Estamos na década de 2020. Escolas inteiras proíbem sanduíches de manteiga de amendoim e geleia porque talvez uma criança possa ter alergia. Os pais recebem visitas dos serviços de proteção do condado por deixarem seus filhos brincarem sem supervisão no parque do outro lado da rua. Os ginásios na selva são uma espécie em extinção. E os alunos da terceira série são ensinados a não impor construções cisnormativas, muito menos comportamentos, a ninguém ou a alguma coisa.

O estranho é que os eventos descritos no primeiro parágrafo (exceto o de GI Joe) não estavam realmente acontecendo em grande escala.
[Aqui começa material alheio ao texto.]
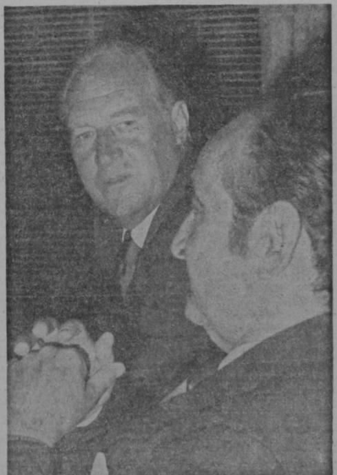
El Secretario de Estado, señor Rogers, en el momento de su entrevista con el Presidente Figueres minutos después de haber arribado a Costa Rica. La entrevista se prolongó una hora.

de estrecha asociación". El Secretario de Estado norteamericano declaró que su país continuará ofreciendo su asistencia activa al sistema interamericano. (Texto en página 6)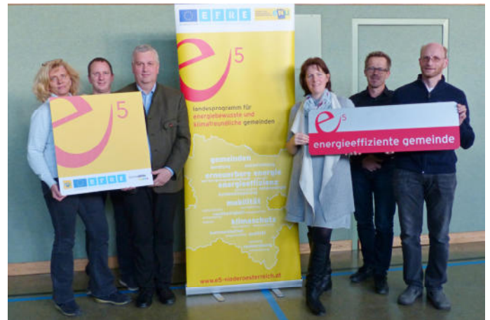
Das e5 Team bereitet eine Klimabefragung vor.

Eine große Herausforderung für die Zukunft ist der Klimawandel und die damit verbundenen Auswirkungen auf unsere Umwelt. Wir bemühen uns die Energieversorgung in unserer Gemeinde nachhaltig zu gestalten. Im Bereich Photovoltaik sind wir schon sehr gut aufgestellt und waren hier bereits einmal Bezirksieger. Der Klimaschutz wird für uns ein wichtiges Thema bleiben und wir werden auf diesem Gebiet weitere Projekte planen und auch umsetzen.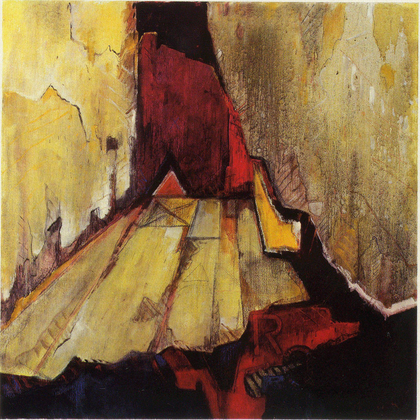
«Raumbild», Öl auf Leinwand, 1978, 100×100 cm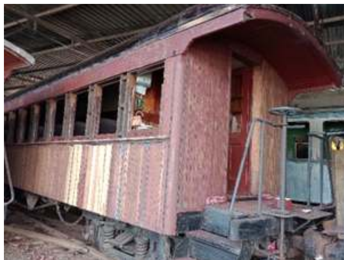
◆ Carro de passageiros PD-37 com a tinta antiga já removida e com ripamento trocado.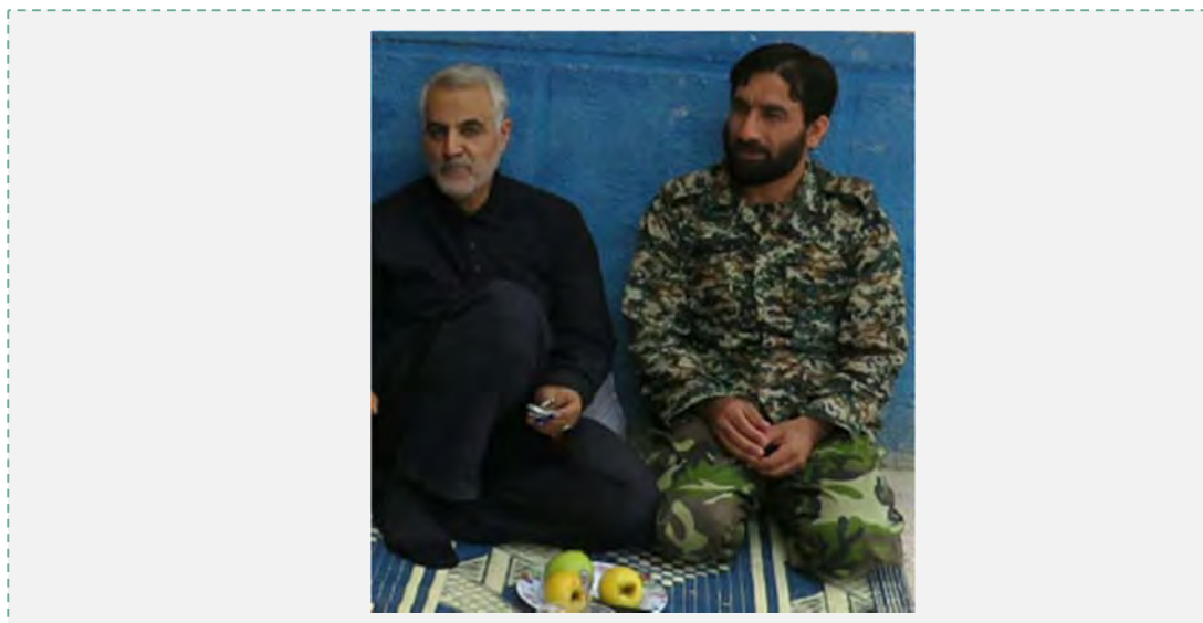
עזתאללה סלימאני עם קאסם סלימאני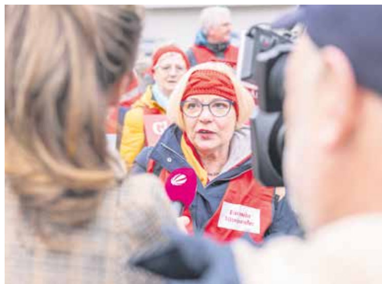
Redakteur*innen von Sat.1 regional und NDR sprachen mit den Demonstrierenden über ihre Erfahrungen mit der Lohnlücke.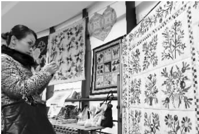
创博会组委会展示了部分手工拼布作品

此次“国际手工拼布艺术展”将展出世界各地上百幅优秀拼布作品,现场展示巧夺天工的拼布技法;邀请美国、德国、荷兰、加拿大等国的拼布专家现场演示缝纫机创意使用方式,以及拼布和不同材料的结合运用;现场还会有200台缝纫设备邀请参观者一同体验;一次性展示5000种拼布工具的设计和使用……配合此次拼布展,创博会组委会还将首次举办独立家用缝纫机展,届时会有6大类、80款机器展示国际高科技缝纫机创意玩法。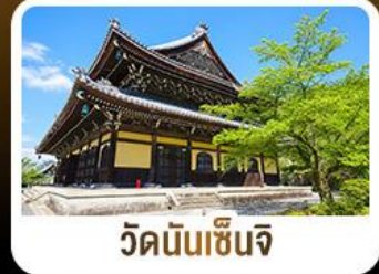
วัดนินเซ็นจิ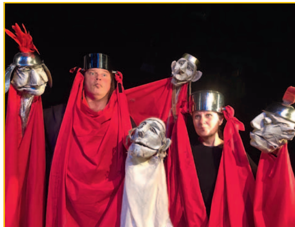
The Bright Side of Life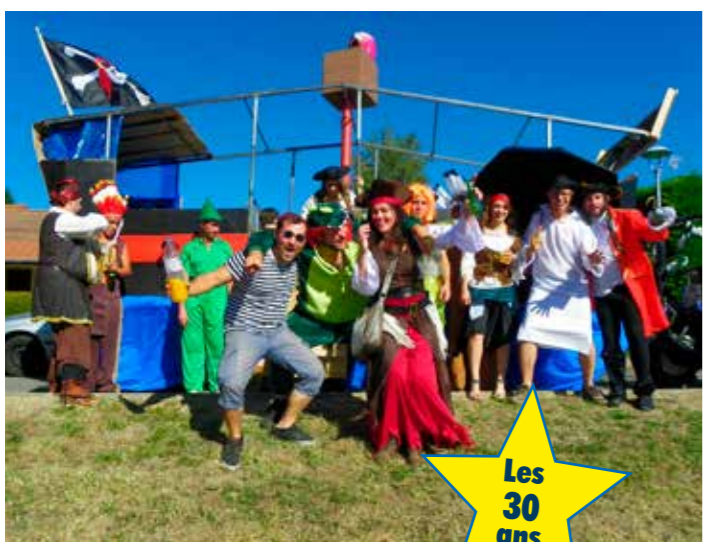
Les 30 ans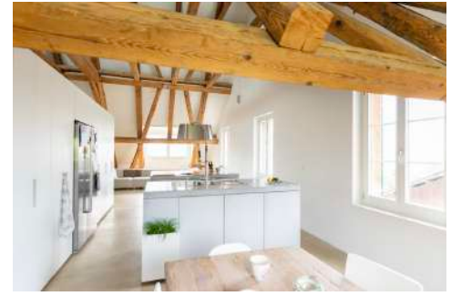
25. Juli 2019 um 15:45:18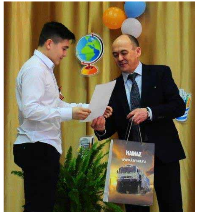
Всех победителей одарили по-камазовски

Очень любят ученики 23-й и рисовать. Впечатления о «КАМАЗе», запечатлённые мелом на асфальте, были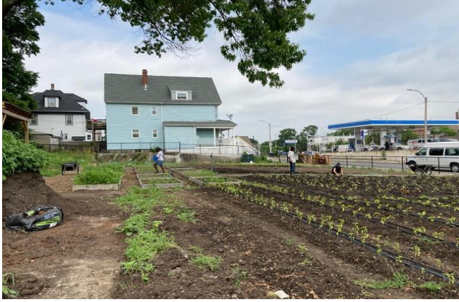
الحدائق المجتمعية والمزارع الحضرية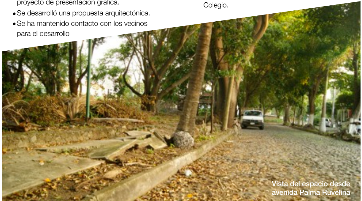
Vista del espacio desde avenida Palma Ruvelina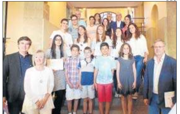
L'acte de lliurament de premis.

O triste é que os acontecimentos do segundo parágrafo o são.

É certo que houve crianças – presume-se – que conseguiram ficar presas dentro de frigoríficos aleatórios, daí a televisão anúncios de serviço público (sério, e uma solução dos anos setenta) pedindo ao público que pelo menos tire a alça do aparelho antes de jogá-lo em um aterro ou deixá-lo em um terreno queimado no Bronx.
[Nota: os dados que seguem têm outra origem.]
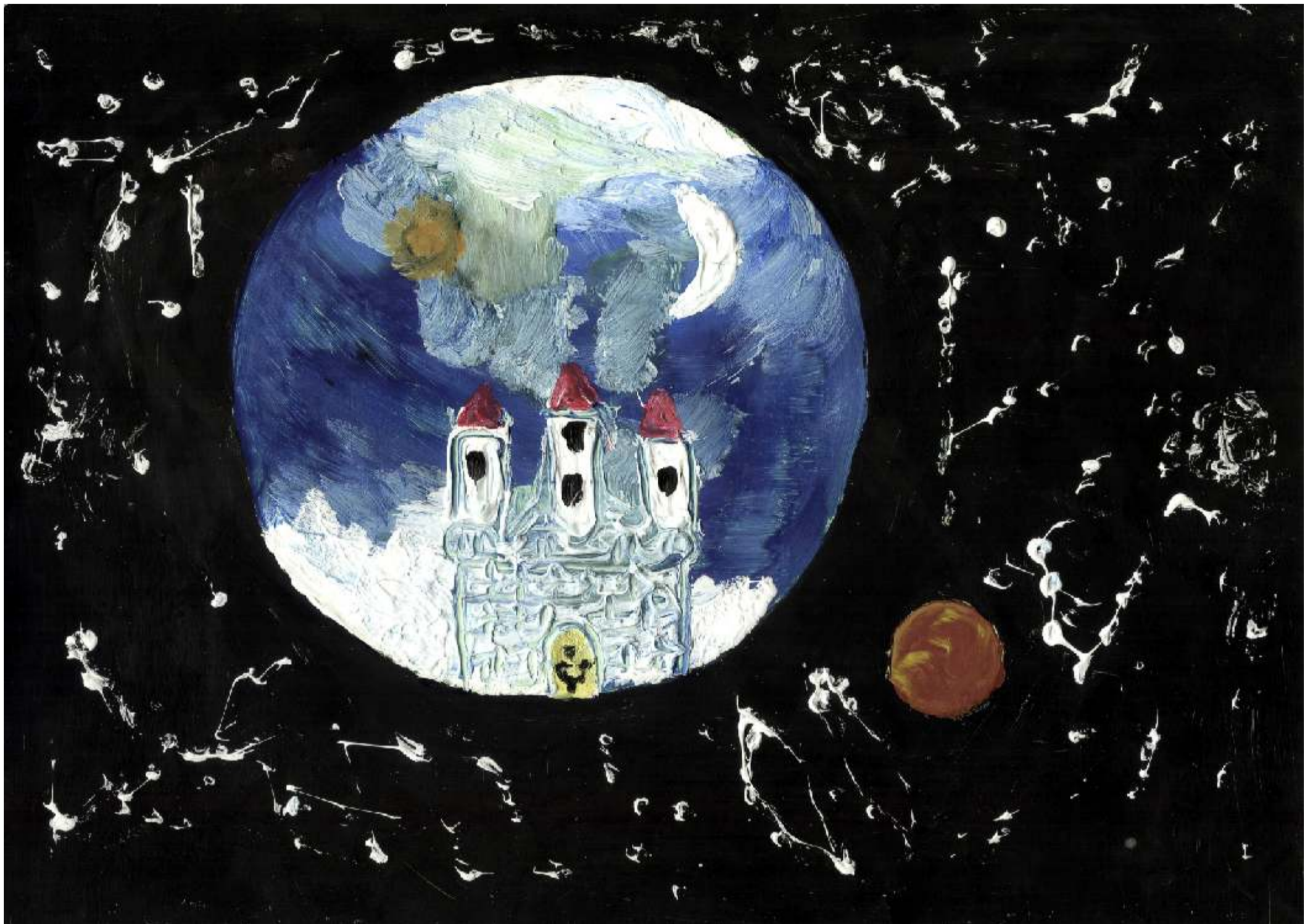
"Chojnow - moje miejsce na Ziemi"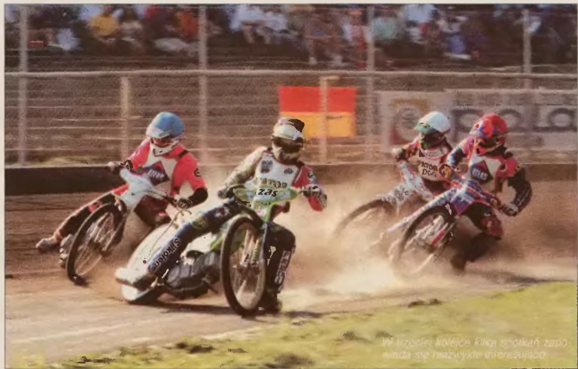
W pierwszej kolejce kilka spotkań zapowiada się niezwykle interesująco.

– Amica bez problemów powinna zwyciężyć, gdyż jest zespołem zdecydowanie lepszym. R.Mus.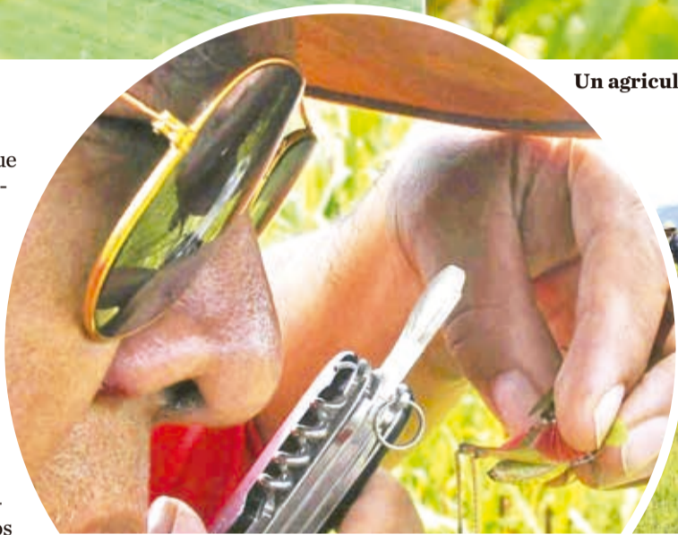
El entomólogo observa una langosta.

“La situación no es para declarar emergencia, no es una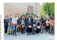
I 18enni di Castelnuovo Sotto con la Costituzione donata dal sindaco

Castelnuovo Sotto ha consegnato la Costituzione, dedicando il nome al sindaco di Maria Luisa King (Pd) della sua classe, un'occasione per la dimostrazione del suo impegno nella partecipazione e una pubblicazione illustrata in occasione del 12° premio internazionale della Costituzione. Il tutto ha avuto luogo sabato 25 aprile e ha coinvolto i giovani e gli studenti provinciali, così come hanno fatto parte le famiglie.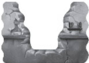
Passaggio libero per qualsiasi animale

E é certo que – novamente, supõe-se – uma criança em algum lugar conseguiu se enroscar em um saco de lavagem a seco. Quanto ao problema do balde, esse é bastante difícil de compreender, mas deve ter acontecido pelo menos uma vez para gerar o processo que forçou os fabricantes a colocar avisos de afogamento – completos com uma representação gráfica da criança inepta – nos seus baldes. 
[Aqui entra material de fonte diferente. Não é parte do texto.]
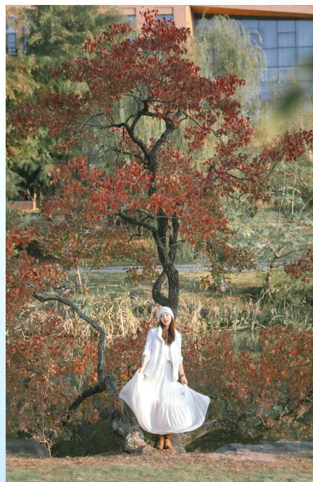
@星星牧歌摄影：每到深秋，就想起这株湖边的乌桕树。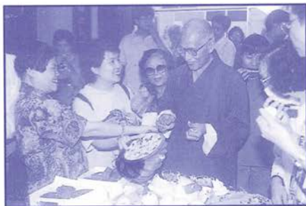
天台精舍中秋晚會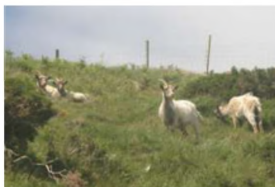
Be-e-e 'dach chi ishio'n fa'ma?

Ymlaen i gyfeiriad pen Carreg y Llam, a rhyfeddu at gyfoeth archeolegol y silff yma o dir – waliau crwydrol o gwmpas caeau hynafol a gwrymiau ar wyneb daear yn awgrymog o hen anneddau canol-oesol. Cyrraedd y pen draw a chael ein croesawu (?) gan yrr fechan o eifr – yr unig rai o ddisgynyddion hen drigolion Nant Gwrtheyrn sy' wedi cadw at eu cynefin.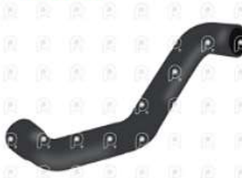
Manguera superior radiador Ford 1832

Código 2007274 | 6C458260AC | 6C458260AC 5939 27274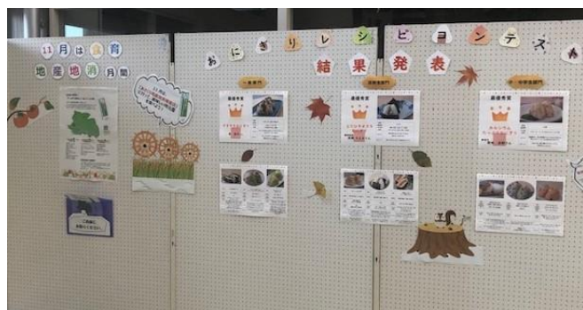
本庁1Fロビーと朝倉地域生涯学習における結果発表の様子

※令和3年9月6日、市立保育所の給食（おやつ）で、おにぎりレシピコンテスト小中学生部門・最優秀賞「カルシウムたっぷりおにぎり」が提供された。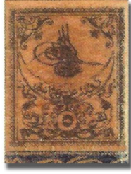
Resim 1. 1863

ekonomisinin kötü olduğu ve savaşların yaşandığı yılları içermesi açısından önemlidir. Aşağıda 1863-1913 yılları arasında Osmanlı Devleti tarafından bastırılan posta pullarından örnekler verilmiştir (Resim 1-19).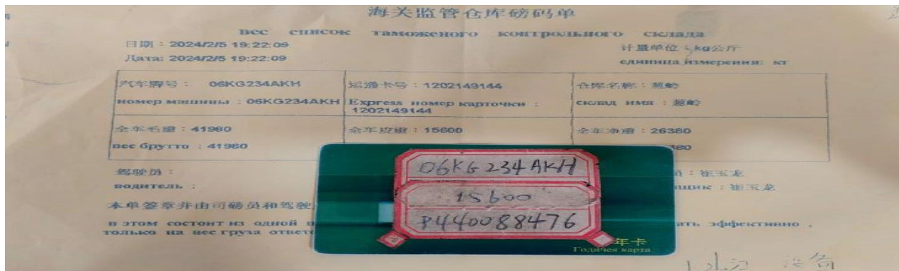
2-расм. Хитой давлатида чиқиш божхона постида махсус картани ўқитиш орқали олинган тарози маълумотлари.

Quer tenha sido causado pelas desventuras dos filhos de Darwin, pelo sempre crescente campo de litígios de danos pessoais, por uma mídia sensacionalista que escolhe a dedo, pela incapacidade da humanidade de compreender estatísticas, ou alguma combinação disso, a sociedade claramente mudou drasticamente de uma abordagem relativamente laissez-faire aos perigos comuns – não apenas a um modelo de aversão ao risco ou de redução de risco – à eliminação codificada do risco.

Houve uma vez a sensação de que casos difíceis resultavam em leis ruins; parece agora que prevalece o conceito de que qualquer caso deve constituir lei imediata.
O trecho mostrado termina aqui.